Judah: “I’m not good at praying… because… I don’t pray.”
There it is. He doesn’t want to pray because he doesn’t perceive himself to be good at prayer because he doesn’t pray. I can’t fault the logic. How true is this of me and just about everyone else? Sure, prayer’s an easy target. Not many of us pray much if at all so we’re not good at it, and as a result we don’t like to do it. I just don’t know if I would have been able to put it so aptly in so little words.
But this is so true of life. I don’t want to ________ because I’m not good at it, and I’m not good at it because I don’t do it. Fill in the blank: exercise, run a marathon, build something, talk to my wife, handle my finances, hold any kind of difficult conversation, and of course pray. I admire people who can do any of these things, let alone those who do them well. I certainly don’t like to them because I’m terrible at all of them, and that is 100% because I don’t do them.

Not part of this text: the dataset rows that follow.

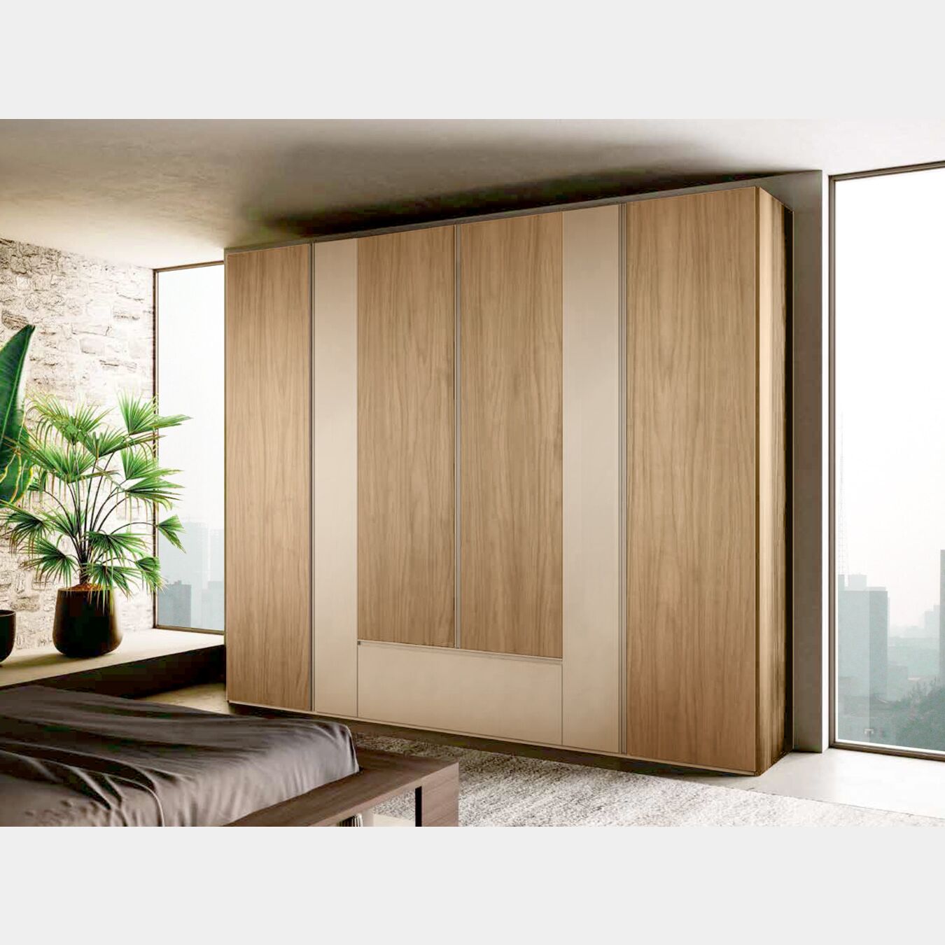 Armadio 6 ante battenti e cassetto, finitura Noce biondo e Orzo
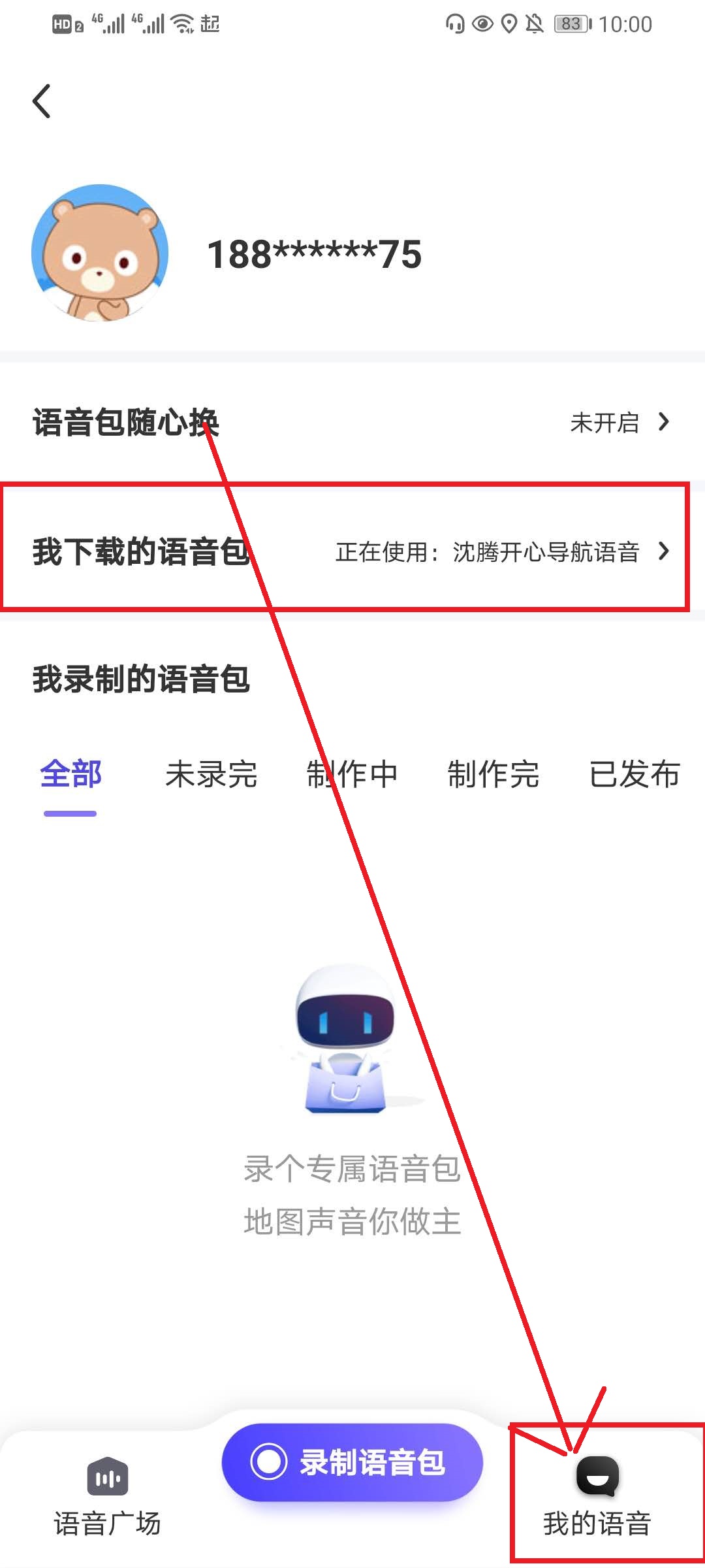 4、点击下载后会默认使用,我们想要更换的话可以点击界面右下方的我的语音,在我的语音界面点击“我下载的语音包”,进入设置。
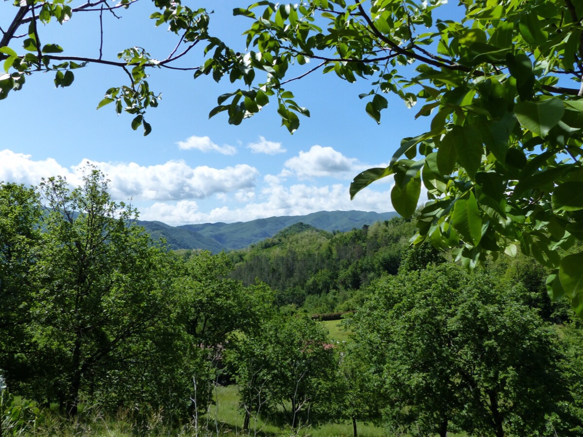 The road down offers glimpses of Lucchio through the trees.
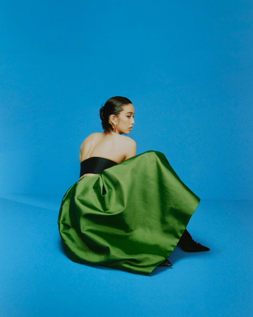 白色是一覽無遺的,藍色不會說謊,複雜則全部被埋進了綠色裡面,我們想向這三個顏色致敬,把整個空間的元素收乾淨,只有一塊簡單的背景,純粹的陳庭妮,一盞劃出輪廓的光,然後再洗出一瞬間只有一張的相片,就像把水蒸餾,留下了一道沒有雜質的輪廓!重建生活秩序的五月,該把視線留給最性感的自己:「去做就對了!」
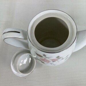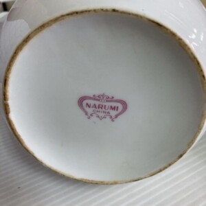 お送りいただいたナルミの陶器ポットは、外観に通常使用に伴う薄い擦れや僅かな汚れが見られる状態でした。割れや大きな欠けは確認されず、蓋の取っ手部分や注ぎ口の縁も比較的きれいに保たれていました。ポット底面の「NARUMI CHINA」刻印もはっきりと残っており、内部も使用感はあるものの著しい汚れは見られません。年代は不明ですが、ローズ柄があしらわれた人気シリーズの一つで、コレクション・日常使い両方に適した陶磁器製品です。
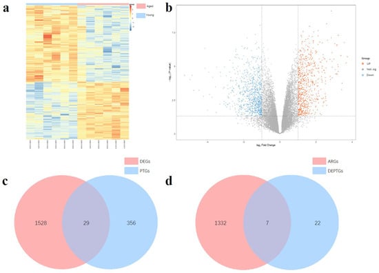 (a) Heat map of GSE62093’s differential expressed genes. (b) Volcanic map of GSE62093’s differential expressed genes. (c) Venn map between DEGs and PTGs, containing 29 DEPTGs of HT. (d) Venn map between DEPTGs and ARGs, containing seven AR-DEPTGs.
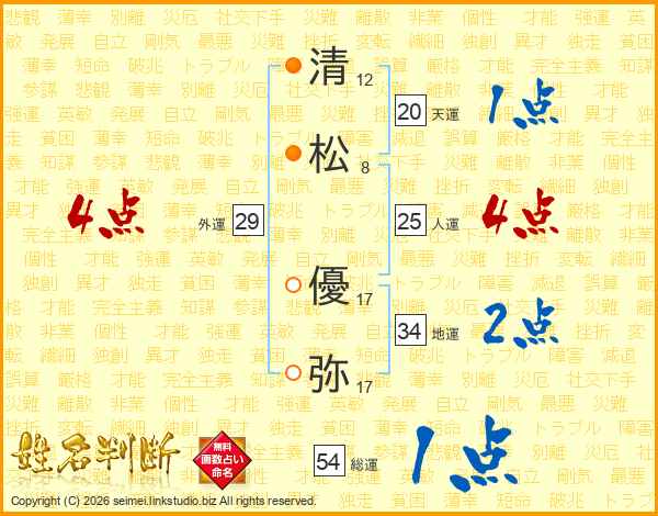 生活面を象徴する運勢です。外部から受ける影響力を表し、結婚運、家庭運や職場、環境への順応性を表します。総運から人運を引いた画数。姓や名が1文字の場合を除く。
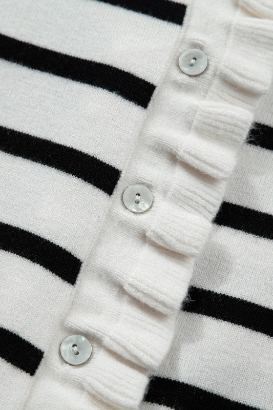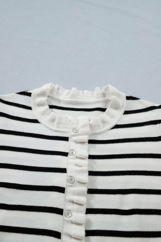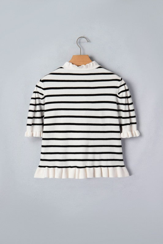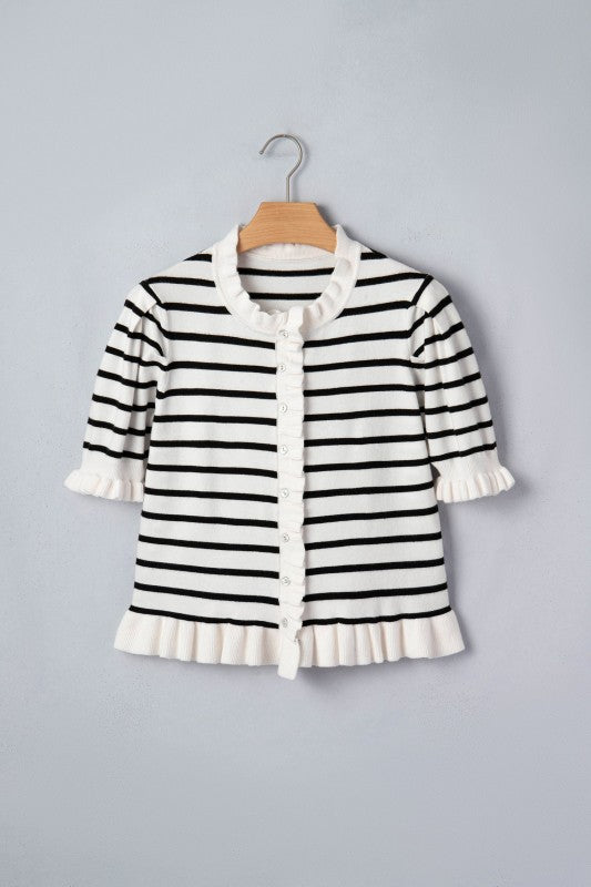 Stripe Ruffle Knit Short Sleeve Buttoned Cardigan
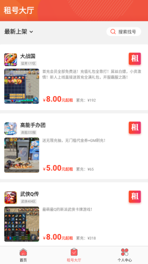 输入游戏名称即可智能匹配,实时显示账号租赁价格和详细信息;
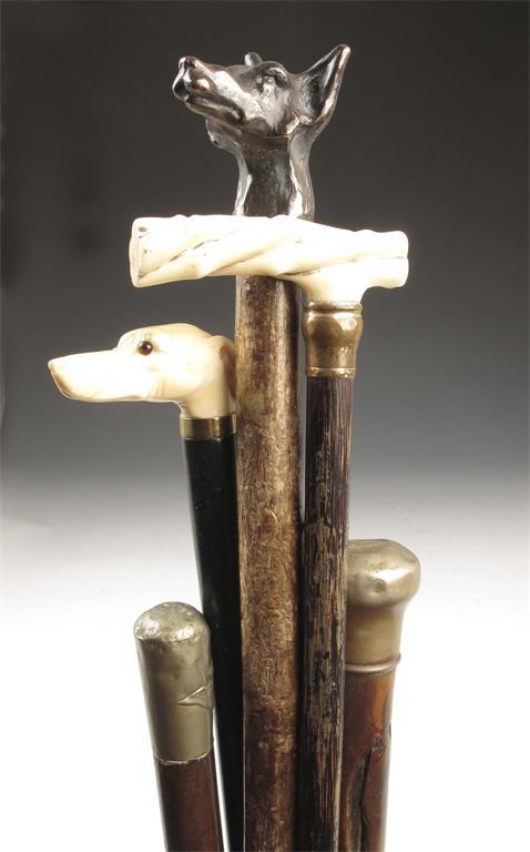 Five walking canes, comprising: one with an ebonised shaft and a dog's head handle, 36in (91.3cm) l; a palmwood cane with an ivory naturalistic handle and an 18ct gold ferrule; a copper dog's head handled example; and two nickel handled canes one embossed 'REC with wings crowned'. (5)
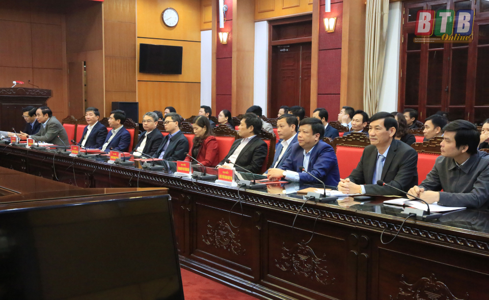Các đồng chí: Ngô Đông Hải, Ủy viên dự khuyết Trung ương Đảng, Phó Bí thư thường trực Tỉnh ủy; Nguyễn Tiến Thành, Phó Bí thư Tỉnh ủy dự buổi làm việc.
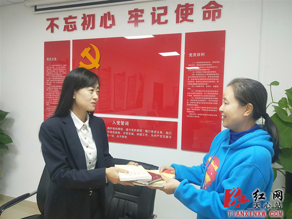 党员干部上门送学。胡爱民同志是支部的一名退休党员,为帮助她自主学习,集团领导把《习近平新时代中国特色社会主义思想学习纲要》《习近平关于“不忘初心、牢记使命”主题教育论述摘要》等学习内容送到她手中,胡爱民高兴地说,自己虽已经退休,但思想不能退伍,要活到老学到老,把党的十九大精神和习近平总书记的重要讲话精神学懂学透。天心城投集团为退休老党员“送学上门”,为他们指明了学习的方向,拓宽了学习的渠道,有效地提升了他们的学习成效,确保了党员理论学习不掉队,充分体现集团党支部的人文关怀。
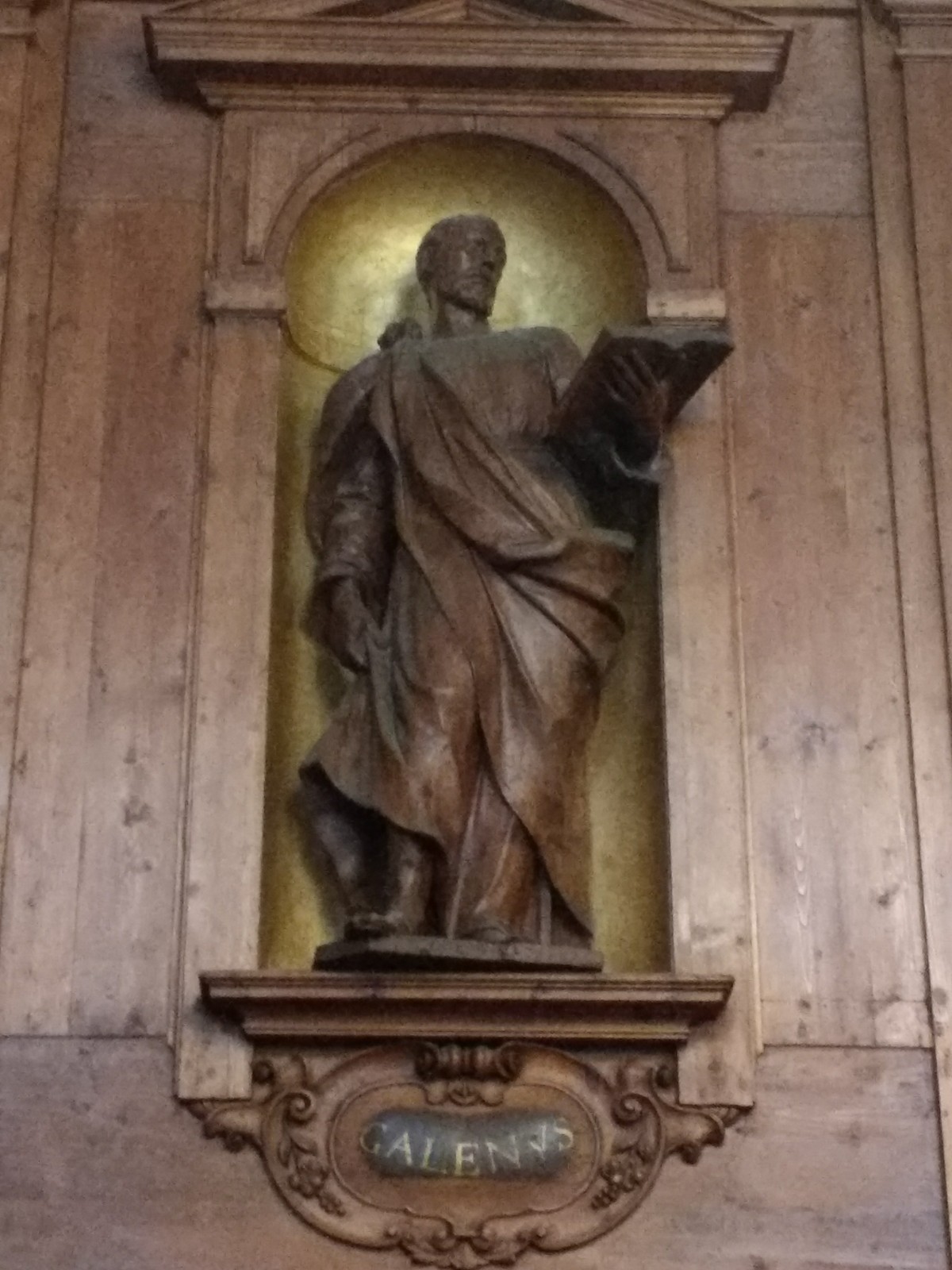 Galen (129-200) ‘The most important physician of antiquity’.Stabat Mater Hall, formerly a lecture hall for law students.This space, now used as a book deposit, was formerly divided into ten student classrooms.

Doing things I don’t do well, especially when the stakes are higher than I’d like, just plain sucks. I hate it. I hate failing or not doing well. Well, to be a little too honest, I hate the feeling that I will be rejected as a result of my failure. And, so, well, I just don’t do them. Can you relate at all? I hope not, but I fear many can. So, I need God in a big way, but haven’t been in contact much to have that connection. Money not managed, well, I think we all know what happens there. And it doesn’t take much imagination to figure out the state of a marriage in which the husband isn’t communicating with his wife.
So, I’m praying. I figure I’d start with the One most likely to understand and welcome me back. Plus, I need a pretty strong Ally in my corner to help me with the other neglected parts of my life.
Hopefully, what you aren’t doing isn’t as serious as this, but I think we can all relate to feeling like we can’t do something we should do on the basis of just not doing it.